▶ [Exercise aim] Word for word, repeat the lines of the records from the first line up to and including the line that contains "銀川市水務局局長董建華(右)做客人民巷會客廳。人民網 周航攝", passing over any pictures.

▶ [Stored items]
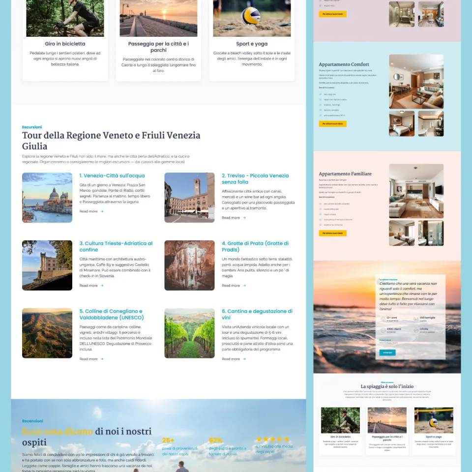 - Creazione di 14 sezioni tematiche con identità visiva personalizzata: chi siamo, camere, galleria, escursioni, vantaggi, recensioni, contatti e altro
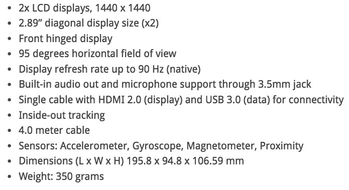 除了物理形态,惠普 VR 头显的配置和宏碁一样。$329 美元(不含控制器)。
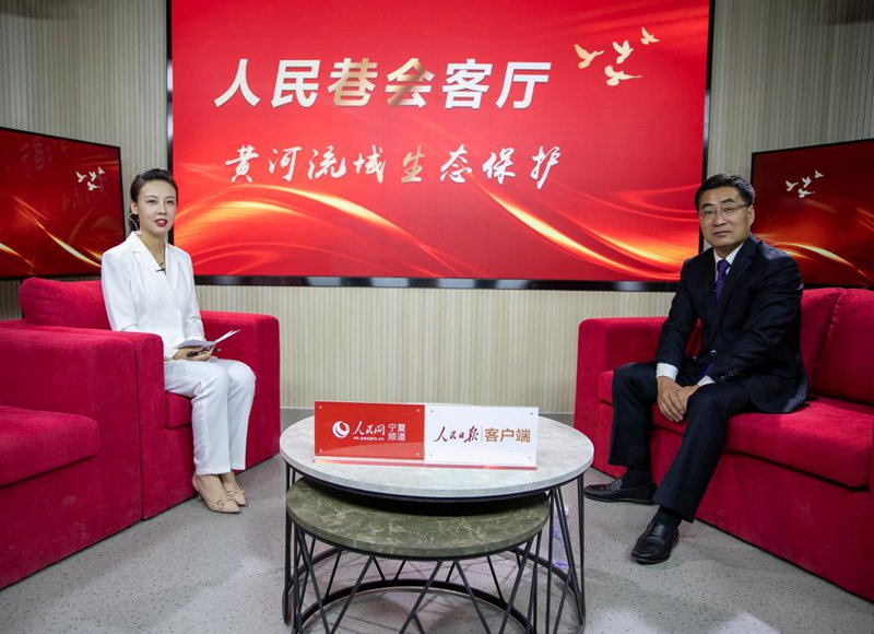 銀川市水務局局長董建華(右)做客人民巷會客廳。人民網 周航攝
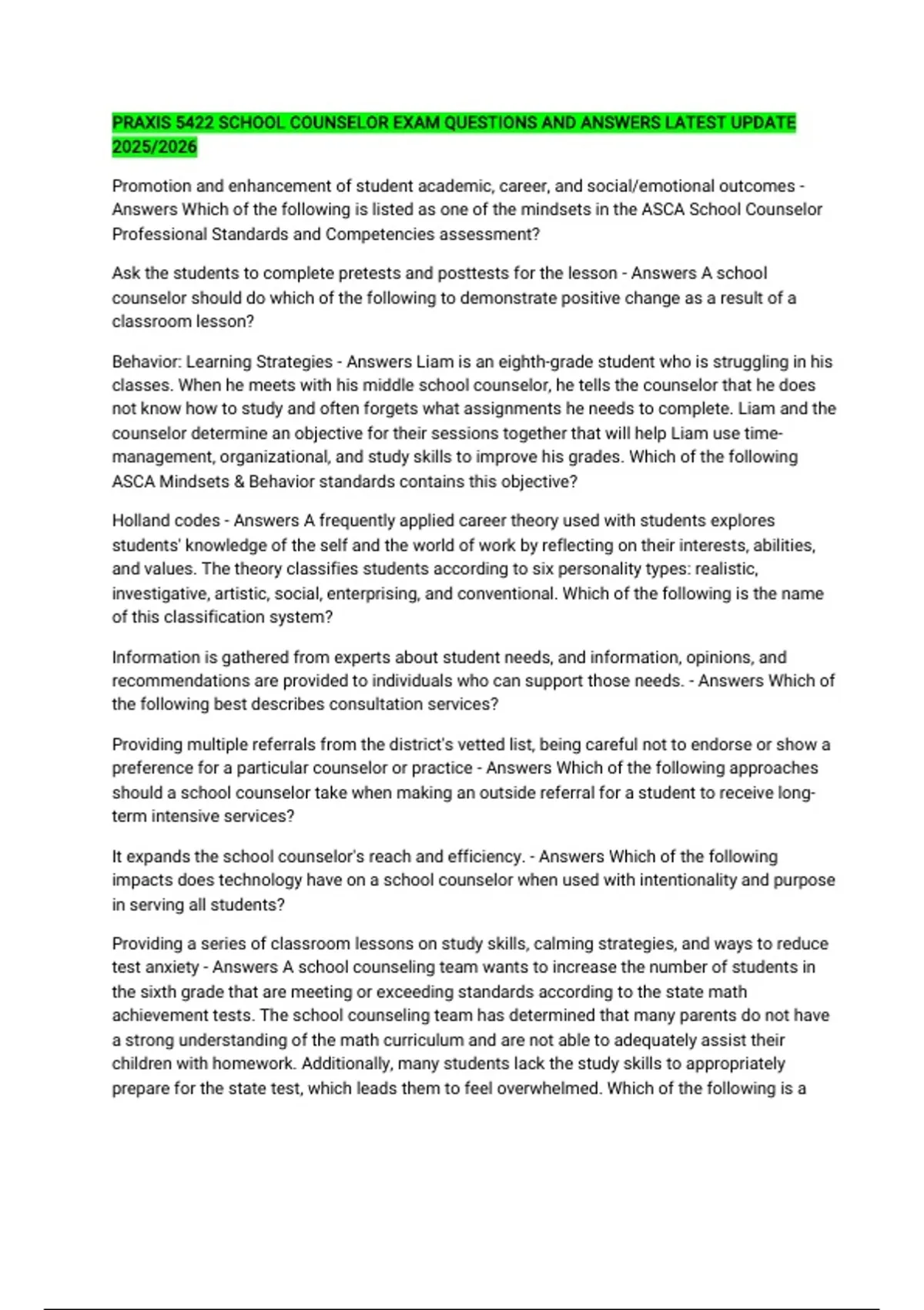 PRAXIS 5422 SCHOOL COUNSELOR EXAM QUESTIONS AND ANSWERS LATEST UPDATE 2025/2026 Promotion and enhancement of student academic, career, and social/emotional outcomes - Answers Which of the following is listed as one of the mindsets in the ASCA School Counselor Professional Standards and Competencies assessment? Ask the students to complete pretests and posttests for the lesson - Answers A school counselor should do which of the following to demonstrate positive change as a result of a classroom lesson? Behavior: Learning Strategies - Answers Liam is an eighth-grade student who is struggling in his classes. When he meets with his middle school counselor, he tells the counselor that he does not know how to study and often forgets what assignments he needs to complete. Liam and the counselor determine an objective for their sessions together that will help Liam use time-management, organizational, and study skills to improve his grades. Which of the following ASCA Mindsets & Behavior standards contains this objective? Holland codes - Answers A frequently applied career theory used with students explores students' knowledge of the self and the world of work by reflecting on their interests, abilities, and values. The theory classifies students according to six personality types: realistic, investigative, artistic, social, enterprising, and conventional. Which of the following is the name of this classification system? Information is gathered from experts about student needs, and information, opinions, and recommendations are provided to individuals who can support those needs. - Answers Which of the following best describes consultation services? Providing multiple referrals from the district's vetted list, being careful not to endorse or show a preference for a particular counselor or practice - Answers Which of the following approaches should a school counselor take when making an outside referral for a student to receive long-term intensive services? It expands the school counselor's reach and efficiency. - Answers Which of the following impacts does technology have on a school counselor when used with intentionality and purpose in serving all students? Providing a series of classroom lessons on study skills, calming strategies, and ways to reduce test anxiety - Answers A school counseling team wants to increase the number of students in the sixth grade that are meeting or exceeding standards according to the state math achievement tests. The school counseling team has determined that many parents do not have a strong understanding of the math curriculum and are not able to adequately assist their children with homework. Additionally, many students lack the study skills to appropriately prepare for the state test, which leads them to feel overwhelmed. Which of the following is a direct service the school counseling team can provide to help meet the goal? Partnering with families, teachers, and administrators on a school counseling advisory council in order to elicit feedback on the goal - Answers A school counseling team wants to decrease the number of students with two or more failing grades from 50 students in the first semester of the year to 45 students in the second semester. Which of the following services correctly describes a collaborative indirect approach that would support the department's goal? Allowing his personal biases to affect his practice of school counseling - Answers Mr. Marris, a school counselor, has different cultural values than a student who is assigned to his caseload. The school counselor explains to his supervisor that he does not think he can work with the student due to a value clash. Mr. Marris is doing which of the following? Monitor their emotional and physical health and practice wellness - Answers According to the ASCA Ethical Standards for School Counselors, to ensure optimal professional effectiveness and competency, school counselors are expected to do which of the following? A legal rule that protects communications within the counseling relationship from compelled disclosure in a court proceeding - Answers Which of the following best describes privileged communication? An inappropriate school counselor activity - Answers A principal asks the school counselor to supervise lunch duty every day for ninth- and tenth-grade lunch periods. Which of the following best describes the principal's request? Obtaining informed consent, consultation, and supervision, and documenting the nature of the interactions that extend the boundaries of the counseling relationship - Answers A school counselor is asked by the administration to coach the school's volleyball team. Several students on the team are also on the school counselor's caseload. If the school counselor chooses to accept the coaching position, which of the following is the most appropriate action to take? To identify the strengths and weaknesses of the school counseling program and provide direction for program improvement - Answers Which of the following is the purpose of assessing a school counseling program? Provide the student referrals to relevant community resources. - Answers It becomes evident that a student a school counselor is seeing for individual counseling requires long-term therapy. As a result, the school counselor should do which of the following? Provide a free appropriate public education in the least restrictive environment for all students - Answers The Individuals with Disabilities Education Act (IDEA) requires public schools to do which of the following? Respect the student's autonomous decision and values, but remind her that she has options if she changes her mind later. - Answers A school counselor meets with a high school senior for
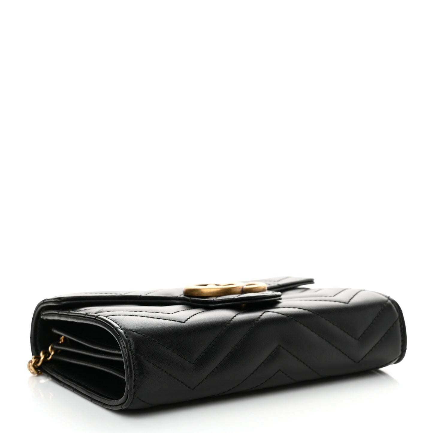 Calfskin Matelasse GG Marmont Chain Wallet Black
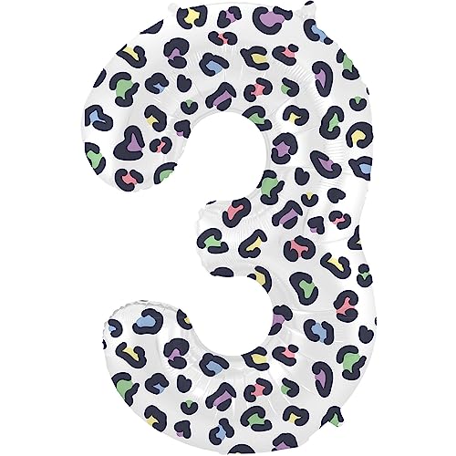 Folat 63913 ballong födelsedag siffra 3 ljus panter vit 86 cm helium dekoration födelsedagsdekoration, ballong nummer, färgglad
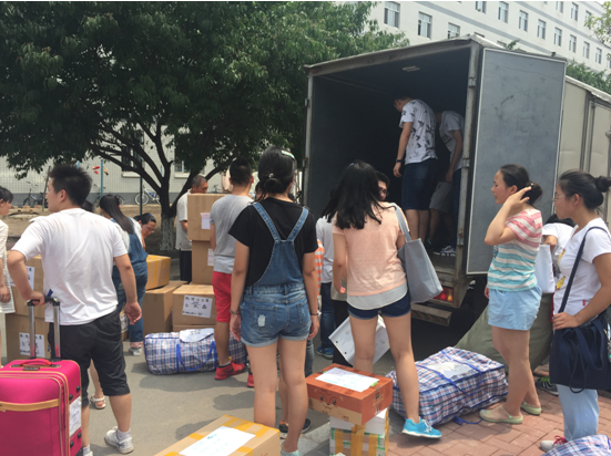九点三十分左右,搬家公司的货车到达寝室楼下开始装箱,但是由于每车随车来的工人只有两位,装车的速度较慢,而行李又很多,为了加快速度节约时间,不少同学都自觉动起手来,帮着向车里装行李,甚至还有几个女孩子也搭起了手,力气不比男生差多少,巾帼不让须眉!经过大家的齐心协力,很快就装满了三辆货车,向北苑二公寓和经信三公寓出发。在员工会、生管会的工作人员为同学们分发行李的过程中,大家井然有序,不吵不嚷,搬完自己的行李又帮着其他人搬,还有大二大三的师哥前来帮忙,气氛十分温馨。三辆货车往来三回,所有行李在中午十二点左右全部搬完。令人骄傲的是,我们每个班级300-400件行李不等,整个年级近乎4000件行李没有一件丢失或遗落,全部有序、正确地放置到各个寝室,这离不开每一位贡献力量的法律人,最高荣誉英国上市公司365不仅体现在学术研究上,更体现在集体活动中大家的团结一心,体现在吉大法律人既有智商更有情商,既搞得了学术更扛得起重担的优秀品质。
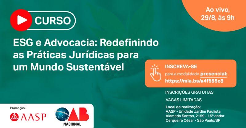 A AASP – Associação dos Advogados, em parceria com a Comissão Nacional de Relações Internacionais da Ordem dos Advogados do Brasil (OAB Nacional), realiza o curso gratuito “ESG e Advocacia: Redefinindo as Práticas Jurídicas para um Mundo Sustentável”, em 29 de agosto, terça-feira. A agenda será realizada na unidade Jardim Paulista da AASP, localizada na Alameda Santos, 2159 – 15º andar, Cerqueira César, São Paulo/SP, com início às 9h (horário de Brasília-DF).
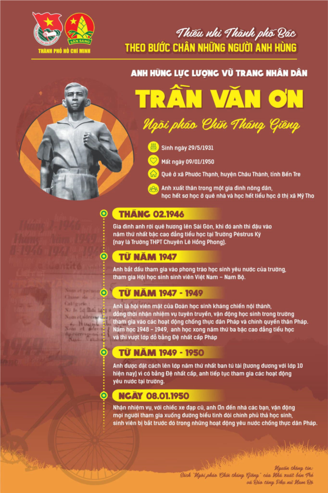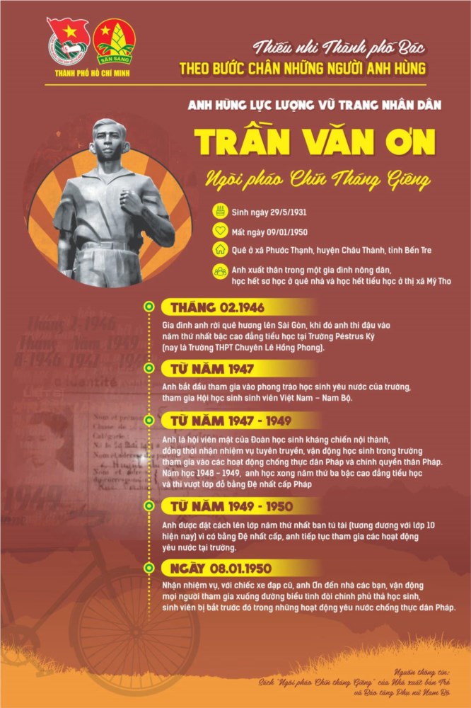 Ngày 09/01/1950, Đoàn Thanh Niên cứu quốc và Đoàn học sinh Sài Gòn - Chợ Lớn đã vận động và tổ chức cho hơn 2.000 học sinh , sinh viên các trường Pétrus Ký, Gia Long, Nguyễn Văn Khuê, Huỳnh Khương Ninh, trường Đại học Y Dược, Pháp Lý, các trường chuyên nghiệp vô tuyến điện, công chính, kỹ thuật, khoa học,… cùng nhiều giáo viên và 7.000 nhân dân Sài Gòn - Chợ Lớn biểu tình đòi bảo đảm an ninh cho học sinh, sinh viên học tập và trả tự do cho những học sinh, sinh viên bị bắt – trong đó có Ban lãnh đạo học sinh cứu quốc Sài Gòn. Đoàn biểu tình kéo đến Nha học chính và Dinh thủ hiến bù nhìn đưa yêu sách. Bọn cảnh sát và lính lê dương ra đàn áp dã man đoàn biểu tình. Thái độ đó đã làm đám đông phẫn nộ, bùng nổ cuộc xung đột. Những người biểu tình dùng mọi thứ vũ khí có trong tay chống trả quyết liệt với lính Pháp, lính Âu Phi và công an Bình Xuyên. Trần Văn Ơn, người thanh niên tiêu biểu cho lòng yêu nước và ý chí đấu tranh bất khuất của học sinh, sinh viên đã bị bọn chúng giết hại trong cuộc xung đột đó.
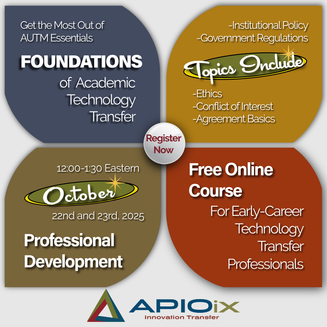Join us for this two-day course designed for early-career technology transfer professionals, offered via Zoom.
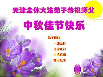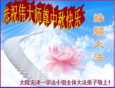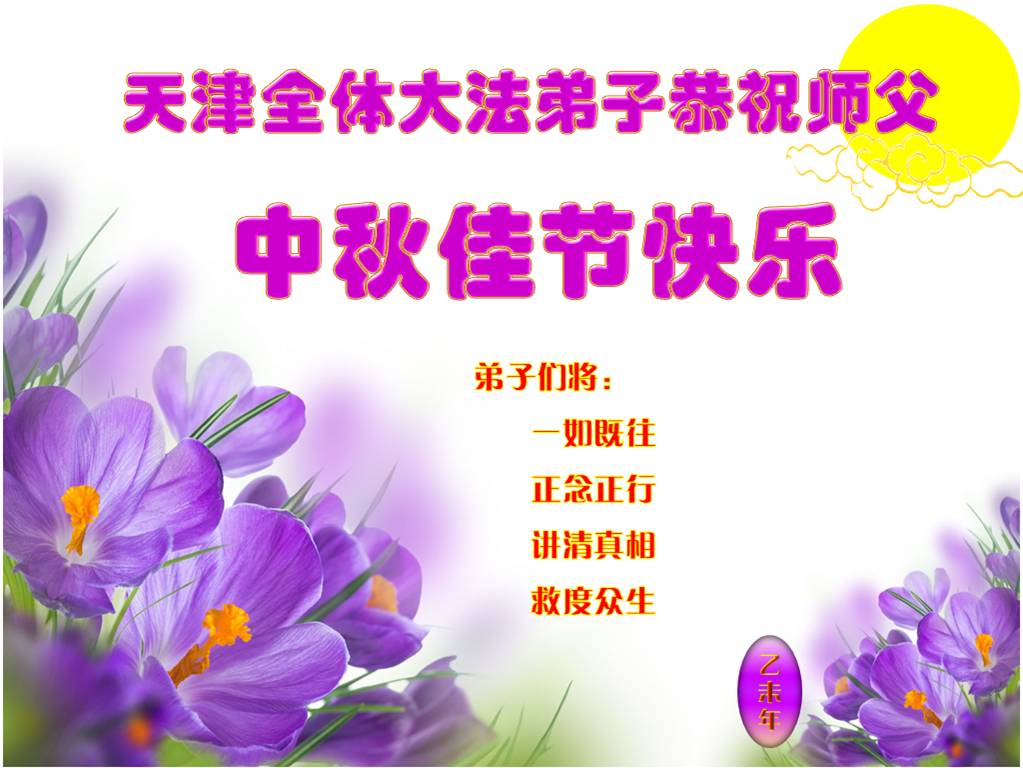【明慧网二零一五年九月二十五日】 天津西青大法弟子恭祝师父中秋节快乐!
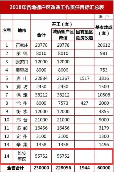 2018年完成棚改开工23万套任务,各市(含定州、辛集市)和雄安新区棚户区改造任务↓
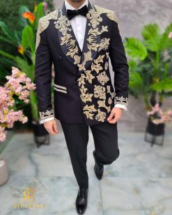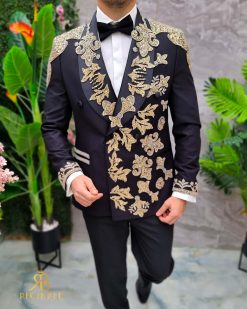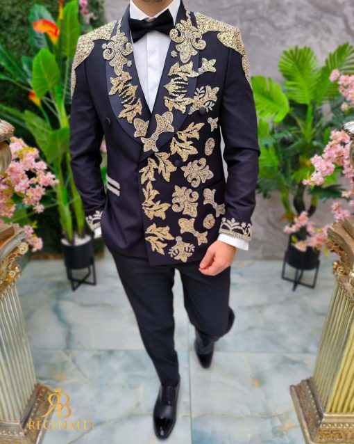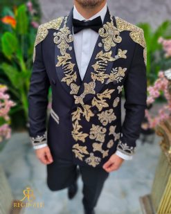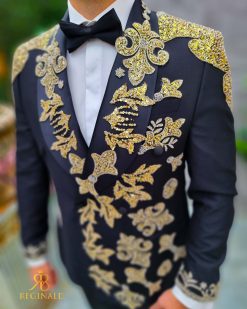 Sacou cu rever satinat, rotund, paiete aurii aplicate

▶ [Answer below]
 - Creazione di 14 sezioni tematiche con identità visiva personalizzata: chi siamo, camere, galleria, escursioni, vantaggi, recensioni, contatti e altro
 除了物理形态,惠普 VR 头显的配置和宏碁一样。$329 美元(不含控制器)。
 銀川市水務局局長董建華(右)做客人民巷會客廳。人民網 周航攝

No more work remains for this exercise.